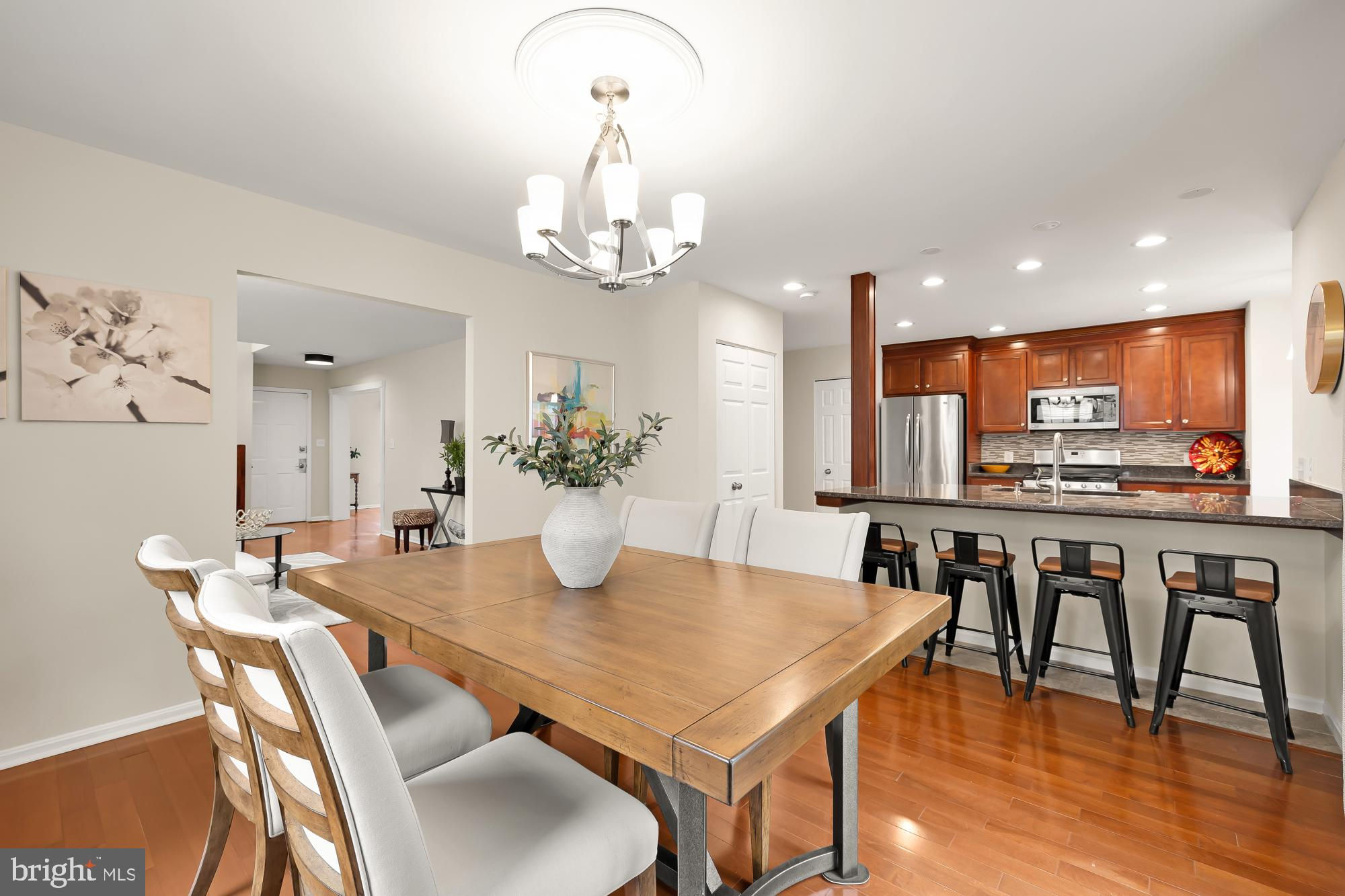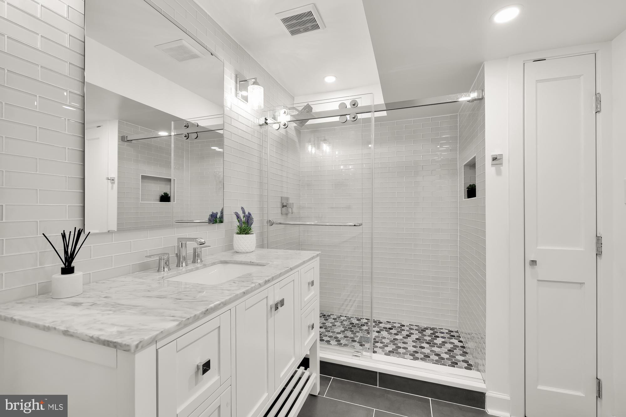 Perched on a gentle rise, this tastefully renovated 4BD/3.5BA home in beautiful Brookland is equal parts charming and glamorous—and a wonderful place to call home. The main level features rooms that are open yet still defined: a family room with wood burning fireplace, and a formal dining room perfect for elegant dinners or everyday meals alike. The modern kitchen includes dual pantries, a breakfast nook, and a kitchen island with additional seating. From there, you can see the fenced-in backyard, a jaw-dropping terraced landscape that leads up to a storage shed and parking for up to four cars. Follow the expansive stairwell to the upper level, where you’ll find a primary bedroom with an en-suite bathroom and, below skylights, a private sitting room. Two additional bedrooms offer plenty of light and storage. The recently finished basement has all the makings of a perfect in-law suite (or epic entertainment room), with private bathroom, plenty of storage, an electric fireplace, and a covered private entrance. And the laundry room, with soft-close cabinets and a luxury utility sink, makes everyday chores a little more fashionable.
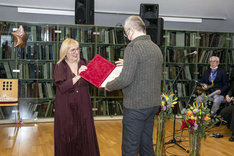 Nagradu je Dejanu Papiću, direktoru Lagune, uručila Jasmina Ninkov, direktorka Biblioteke grada Beograda.
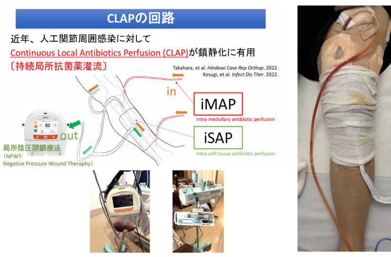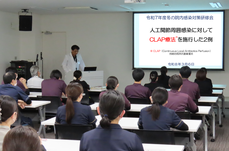 人工関節周囲感染に対してCLAP療法を行った2例(人工股関節1例と人工膝関節1例)の経過報告を行いました。人工関節を抜去してから二期的再置換が必要だった従来の治療に比べると、CLAPは時間的にも精神的にも、また患者様だけでなく医療側の負担もかなり軽減した画期的な治療であり、その治療法について全職員で復習しました。

== Try it ==
Copy the lines above exactly and exclude every image.

== Exercise answer ==
 Perched on a gentle rise, this tastefully renovated 4BD/3.5BA home in beautiful Brookland is equal parts charming and glamorous—and a wonderful place to call home. The main level features rooms that are open yet still defined: a family room with wood burning fireplace, and a formal dining room perfect for elegant dinners or everyday meals alike. The modern kitchen includes dual pantries, a breakfast nook, and a kitchen island with additional seating. From there, you can see the fenced-in backyard, a jaw-dropping terraced landscape that leads up to a storage shed and parking for up to four cars. Follow the expansive stairwell to the upper level, where you’ll find a primary bedroom with an en-suite bathroom and, below skylights, a private sitting room. Two additional bedrooms offer plenty of light and storage. The recently finished basement has all the makings of a perfect in-law suite (or epic entertainment room), with private bathroom, plenty of storage, an electric fireplace, and a covered private entrance. And the laundry room, with soft-close cabinets and a luxury utility sink, makes everyday chores a little more fashionable.
 Nagradu je Dejanu Papiću, direktoru Lagune, uručila Jasmina Ninkov, direktorka Biblioteke grada Beograda.
 人工関節周囲感染に対してCLAP療法を行った2例(人工股関節1例と人工膝関節1例)の経過報告を行いました。人工関節を抜去してから二期的再置換が必要だった従来の治療に比べると、CLAPは時間的にも精神的にも、また患者様だけでなく医療側の負担もかなり軽減した画期的な治療であり、その治療法について全職員で復習しました。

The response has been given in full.